The Hidden Footprint of “Invisible” Intelligence
AI, water, energy, and what it means to be a good neighbor in a warming world.
If you’ve ever typed a prompt into ChatGPT or watched an image bloom from a handful of words, it can feel like magic: clean, quiet, weightless.
But “digital” doesn’t mean immaterial.
Under every AI interaction is a physical reality—data centers, servers, cooling systems, power plants, transmission lines, and supply chains. And as the world races to build more AI capability, the environmental conversation has sharpened into two very earthy questions:
- How much electricity does this take?
- How much water does this drink?
Let’s walk through the most common claims, correct what needs correcting, and then look at what OpenAI, Google, Microsoft, and the industry are doing to reduce the impact—and how soon improvements may realistically arrive.
1) “AI is harmful to the environment because of data centers.”
Verdict: Broadly valid, but details matter.
MIT summarizes the core issue well: training and running large generative AI models requires substantial electricity, and significant water can be used to cool the hardware; manufacturing and transporting specialized hardware adds indirect impact, too. (MIT News)
The “cloud” has a body.

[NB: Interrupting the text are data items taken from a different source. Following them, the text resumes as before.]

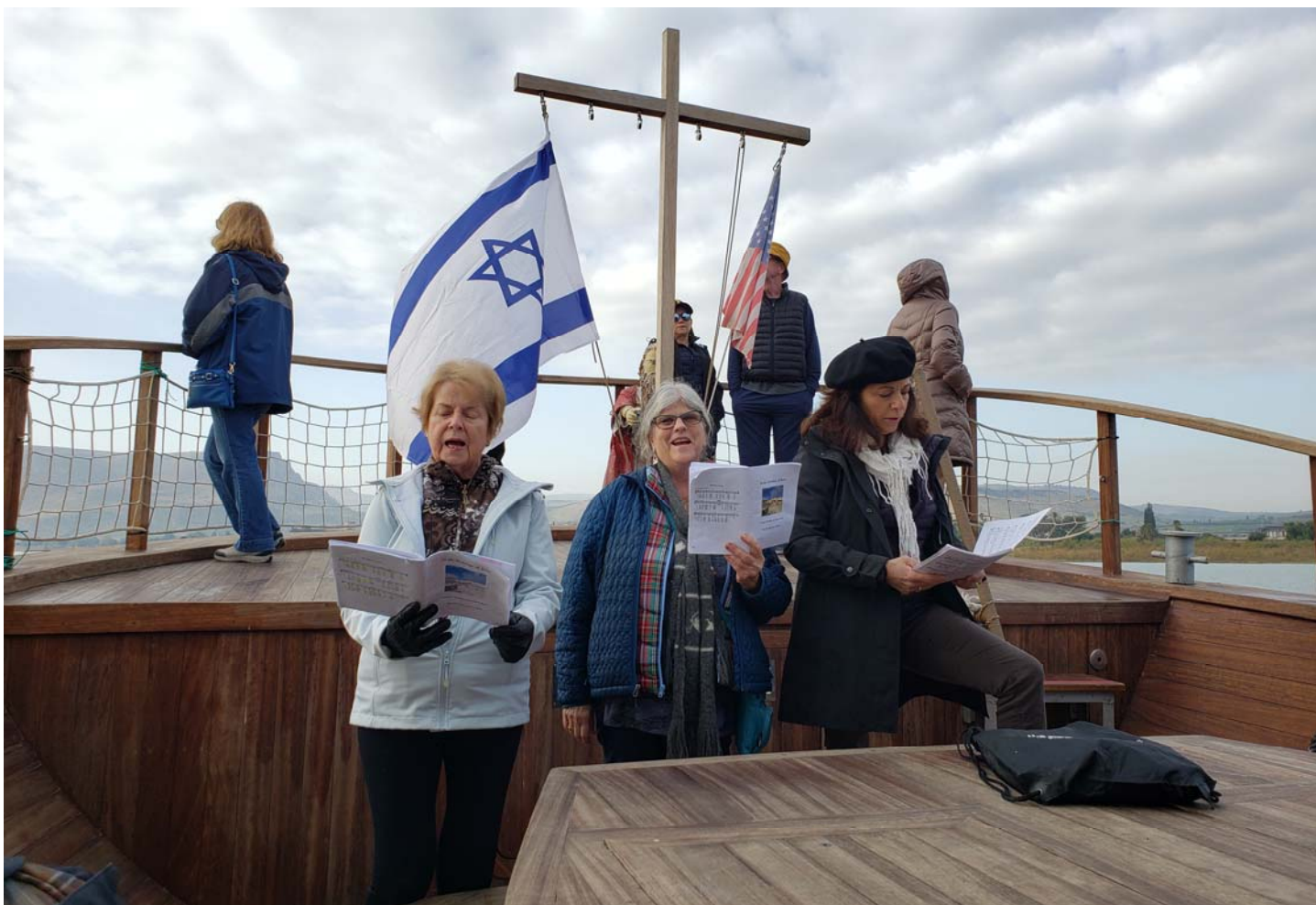
Photo from the Holy Land Pilgrimage Led by Monsignor Flynn: On the Sea of Galilee singing "Lord, you have come."
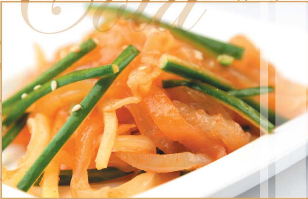
1263 青瓜海蜇 £8.00 Jelly Fish Tossed with Cucumber
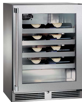
HD24WS Shown with Glass with Stainless Steel Frame Door (S)
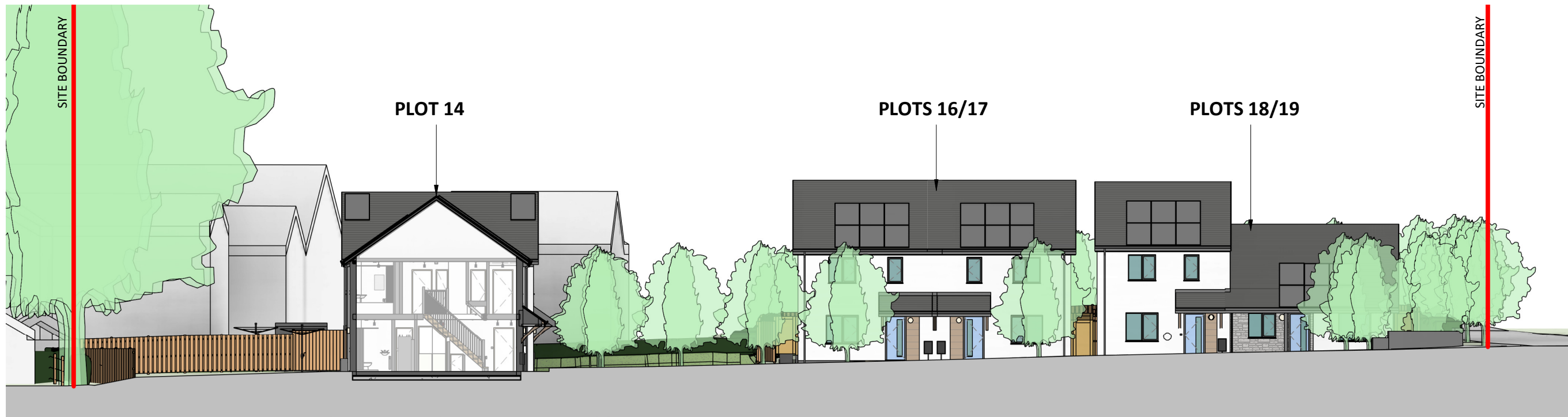
3 | STREET ELEVATION FACING EAST THROUGH SITE ENTRANCE SCALE: 1 : 200
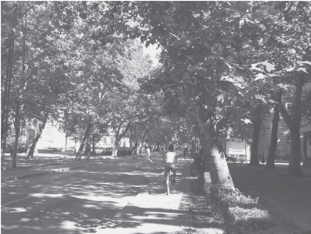
The street with platans in Kiskunfélegyháza, more than 100 years old
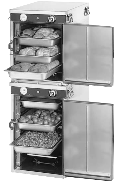
HLC-5S stacked on an HLC-8S with stacking angles

There's no limit to the versatility of these handy stackable cabinets - natural radiant heat helps food taste their best!

It’s steel and circuitry, coolant lines and backup generators, and the rivers and power plants that keep it all from overheating.The important nuance: not all AI is equally expensive. A tiny model running on-device is a different creature than a frontier model served at global scale from hyperscale data centers. The footprint varies dramatically by where the data center is (grid cleanliness, water availability, climate, cooling design).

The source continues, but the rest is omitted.